I was hit by the same problem today - a ZIP archive containing another (nested) ZIP archive.

As stated by the comments, the problem is that the local file header is followed by the the nested ZIP file data. Of course, the first 4 bytes of the nested ZIP file (which often will be stored uncompressed, since it usually cannot be compressed any further) are identical to ZIP's local file header signature (0x04034b50). SharpCompress mistakenly believes this signature to be the start of the next archive entry.

The consequence: ZipReader.OpenEntryStream() will provide an EntryStream whose internal stream is System.IO.Stream.Null for the archive entry representing the nested ZIP archive.

thinkCloud's comment about the cause being the compression type is not correct; (s)he made the wrong conclusions from his/her observations. Forcing deflate compression for the nested ZIP file will of course result in a compressed data blob which in all likelihood will not start with the local file header signature bytes, and thus thinkCloud could not observe the problem anymore. However, this is only a workaround if one creates the ZIP files by him/herself, and does not really help when dealing with ZIP files provided by other sources...

elgonzo wrote Sep 3, 2015 at 8:56 PM

I just made a test file myself and tried this out.

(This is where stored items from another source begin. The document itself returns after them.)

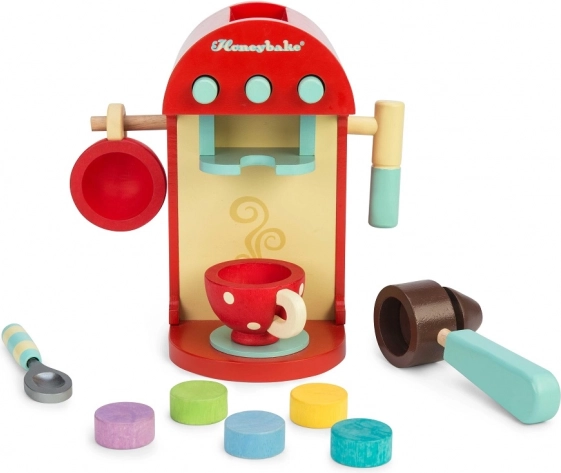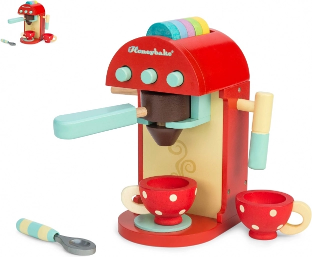 Acest espressor din lemn de calitate oferă copiilor o experiență autentică de preparare a cafelei. Capsule colorate pot fi introduse în pârghie pentru a „prepara” băutura direct în ceașca pictată, iar setul include spumator de lapte și linguriță. Capsule pot fi depozitate comod în orificiul din partea superioară a espressorului, astfel încât totul este la îndemână.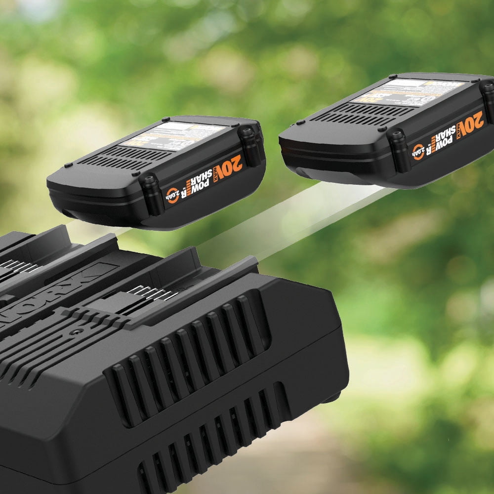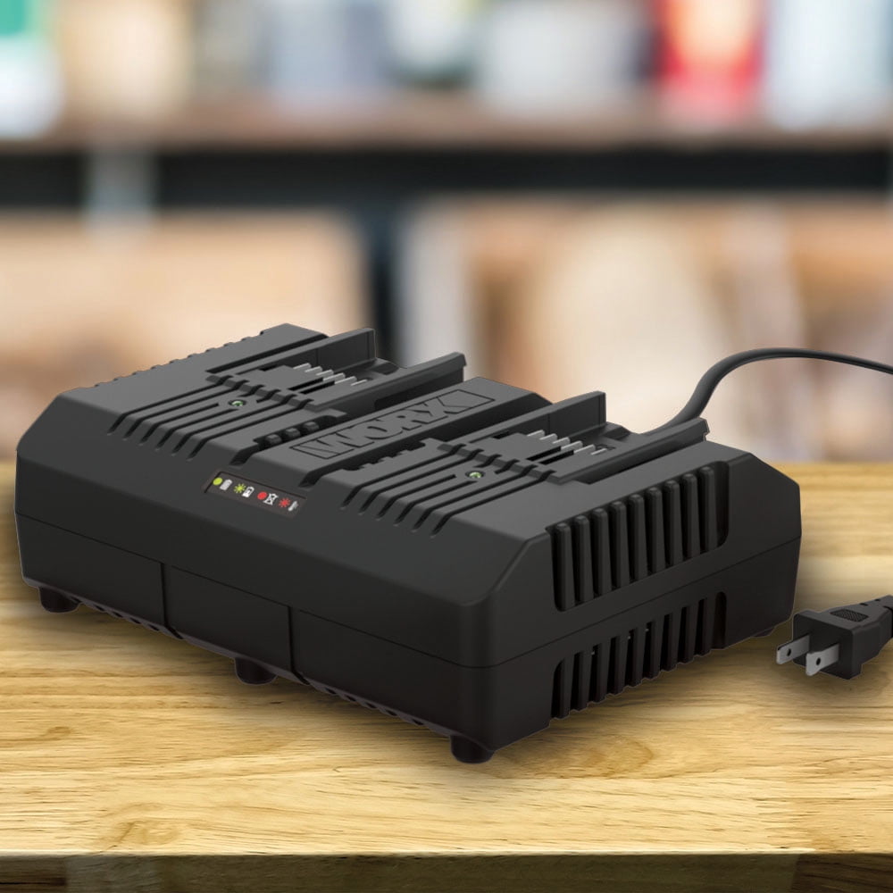 The WORX dual port quick charger is for use with 18/20-Volt Lithium batteries Dual port allows for two charging modes that allows one battery to quickly charge or charge both within 2 hours Long cord provides flexibility to charge your battery in various locations Charge indicators for each battery port Compatible with battery model WA3512.1,WA3520, WA3522, WA3525, WA3544, WA3575, WA3578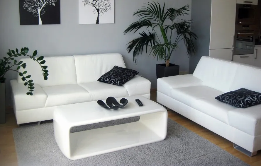 Nie každý sa uspokojí s nežným svetlým interiérom. Milovníci väčšieho vzrušenia môžu jasne vymedziť hranice bielej farby tmavými líniami. Skvelým kontrastom k bielej sú napríklad aj kovové prvky. Náš zákazník vymedzil priestor bielej sedacej súpravy Monaco čiernymi doplnkami a kontrastnými obrazmi na stene.

I'm not actually seeing the issue. How are the zip files created? Can a sample zip for me be attached to this issue?

Make sure you add the nested ZIP file to your archive WITHOUT compression. Since (uncompressed) data blob of this archive entry begins (obviously) with a local file header signature, SharpCompress will mistake this as as the next file header in the archive instead of treat this as simple data of a nested ZIP archive which is stored uncompressed.

The clean solution would be to not check for a header signature following the local file header structure but rather evaluating the local file headers "Compressed size" field to first skip the file data and then check for presence of a local file header signature.

elgonzo wrote Sep 3, 2015 at 9:24 PM

I just made a test file myself and tried this out. I'm not actually seeing the issue. How are the zip files created? Can a sample zip for me be attached to this issue?

Test archive "test.zip" attached. It contains only one entry "1.zip". This nested ZIP archive "1.zip" is stored uncompressed.

Also noteworthy is that i can reproduce the problem only when using ReaderFactory.Open(...). When using ArchiveFactory.Open(...) the problem does not seem to occur.